Efficient Criteria of Quantumness for a Large System of Qubits

1 Introduction

One of the key obstacles in the way to the full development of quantum technologies 2.0 [1] is the same circumstance which stimulated their development in the first place: the fundamental impossibility of an efficient simulation of a large enough, quantum coherent structure with classical means. In practice “large enough” turned out to be a system comprising a hundred or so quantum bits, which is still too small to form a quantum computer capable of simulating other “large enough” quantum systems. On the other hand, artificial quantum coherent systems comprising thousands of qubits are being fabricated [2] and even successfully used, like commercial quantum annealers [3, 4]. Arrays of superconducting qubits are also being considered as microwave range detectors capable of exceeding the standard quantum limit (in such application as, e.g., search for galactic axions [5]). Quantum coherence of the array is the key element of the detection mechanism.
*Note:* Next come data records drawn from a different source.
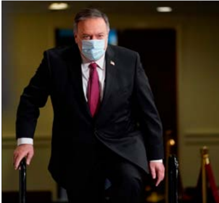
بنّاء بومبيو أن سلسلة الضغوط القصوى، تصدّف إلى عرقلة تنظيم العلاقات الأميركية - الإيرانية (أف ب)

في مناسبات عدّة، خلال الأسابيع الأخيرة، بيّن بومبيو أن سياسة «الضغط القصوى» التي تتبناها إدارته تجاه طهران، إنّما تهدف إلى عرقلة تطبيع علاقات الأخيرة مع واشنطن، في حال قُورت الإدارة الدبلوماسية. «التحوّلات المفاجئة في السياسة إدارة ترامب الخارجية»، باتت تثير مخاوف الحزبين في الكونغرس، وفي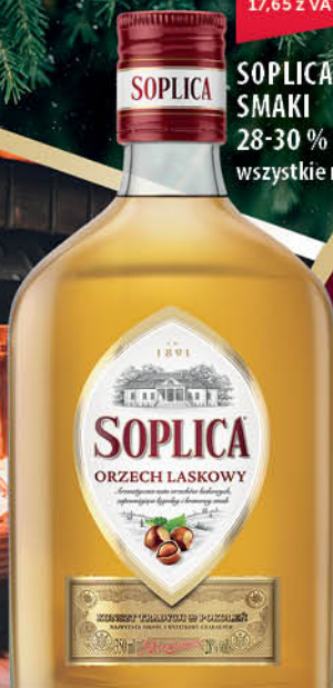
SOPLICA SMAKI 28-30 % 0,35 l wszystkie rodzaje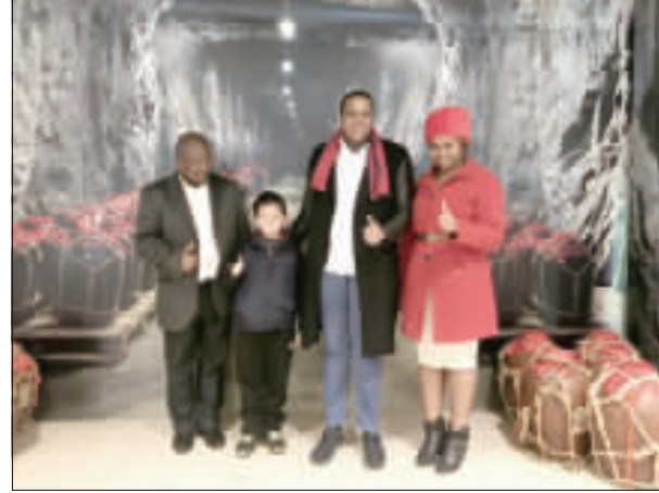
史瓦濟蘭王子一行在金門縣政府官員陪同下，參觀了金門的各項建設。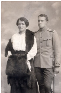
И. Шмелёв с женой

Шмелёв отправил текст в журнал «Русское обозрение», его приняли, но с публикацией не торопились. «У мельницы» вышел на страницах издания только через год. Рассказ стал первым опубликованным произведением Ивана Шмелёва.

This “quantum capacity gap” [6] needs to be bridged, in order to allow a systematic progress towards the development of the full potential of quantum technologies 2.0, such as noisy intermediate-scale quantum (NISQ) devices [7] and universal fault tolerant quantum computers.
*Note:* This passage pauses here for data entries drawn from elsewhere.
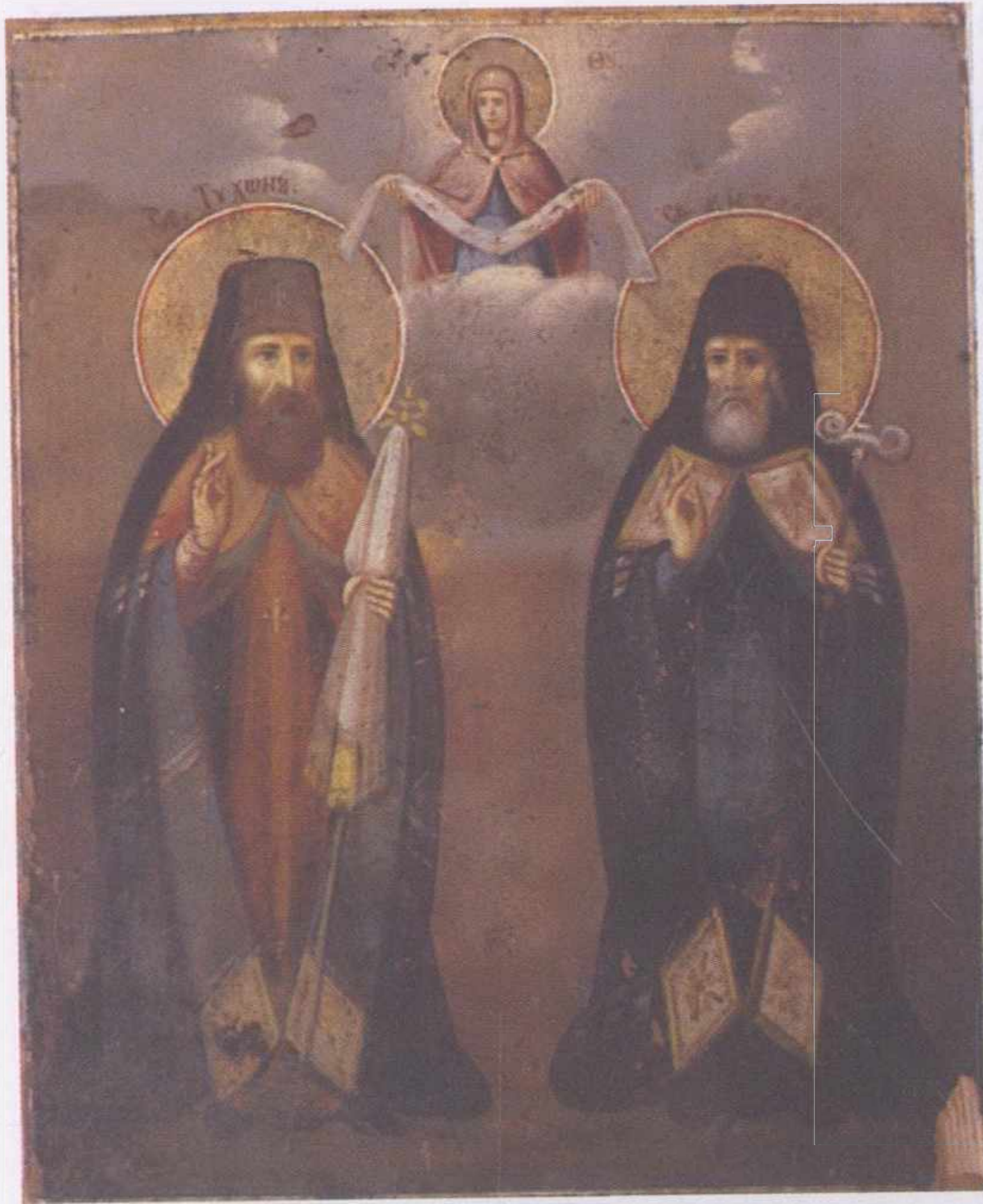
Икона святителей Тихона Задонского и Митрофана Воронеж- ского.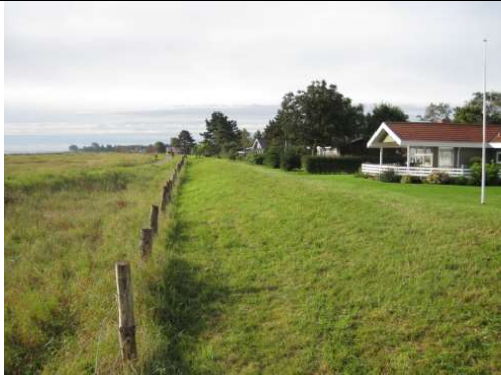
Set mod syd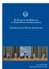
El Estatuto de Roma - Celebración del Décimo Aniversario

The impossibility of an efficient classical simulation of a large quantum system is not absolute, in the sense that it concerns the simulation of an arbitrary evolution of such a system, whereby its state vector can reach all of its (exponentially high-dimensional) Hilbert space and has potentially infinite time to do so. The Margolus-Levitin theorem and its generalizations [8–13] put a limit on the speed of such evolution, thus restricting the accessible part of the Hilbert space for any finite time interval. This agrees with a proof [14] that the manifold of all quantum many-body states that can be generated by arbitrary time-dependent local Hamiltonians in a time that scales polynomially in the system size occupies an exponentially small volume in its Hilbert space. (This is a literally correct statement, since the Hilbert space of a system of qubits is a finite-dimensional complex projective space; that is, it is compact and, moreover, it has a unitary invariant Fubini-Study metric [15]). Numerical and analytical studies also indicate that the number of independent constraints describing quantum evolution may be much less than the dimensionality of the Hilbert space [16]. It is therefore reasonable to suggest that a “general case” evolution of a large quantum coherent quantum structure can be characterized by a non-exponentially large set of dimensionless parameters, which correspond to qualitatively different regimes of evolution of this structure. Our recent numerical simulations indicate the existence of such regimes in a set of qubits with pumping and dissipation [17].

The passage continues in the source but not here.